───── Data for this exercise

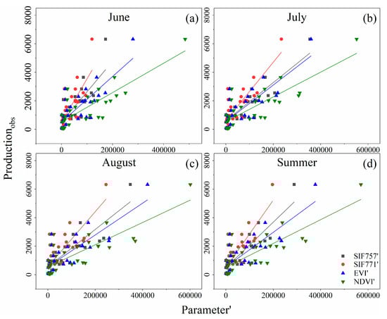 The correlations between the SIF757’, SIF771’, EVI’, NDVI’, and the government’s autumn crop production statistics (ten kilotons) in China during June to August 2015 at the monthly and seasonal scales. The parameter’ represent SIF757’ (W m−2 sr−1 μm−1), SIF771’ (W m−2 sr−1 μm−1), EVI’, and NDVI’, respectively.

──────────
───── Data for this exercise

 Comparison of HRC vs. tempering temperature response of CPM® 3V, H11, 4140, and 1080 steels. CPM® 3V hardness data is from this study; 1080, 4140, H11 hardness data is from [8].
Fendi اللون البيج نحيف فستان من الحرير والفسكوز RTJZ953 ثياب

──────────

*Directions for this task*
Going back to the entries above, set down exactly the lines that begin at the one with "Comparison of HRC" and end at the one with "Fendi اللون البيج", both included, and nothing else.

*Solution to this problem*
 Comparison of HRC vs. tempering temperature response of CPM® 3V, H11, 4140, and 1080 steels. CPM® 3V hardness data is from this study; 1080, 4140, H11 hardness data is from [8].
Fendi اللون البيج نحيف فستان من الحرير والفسكوز RTJZ953 ثياب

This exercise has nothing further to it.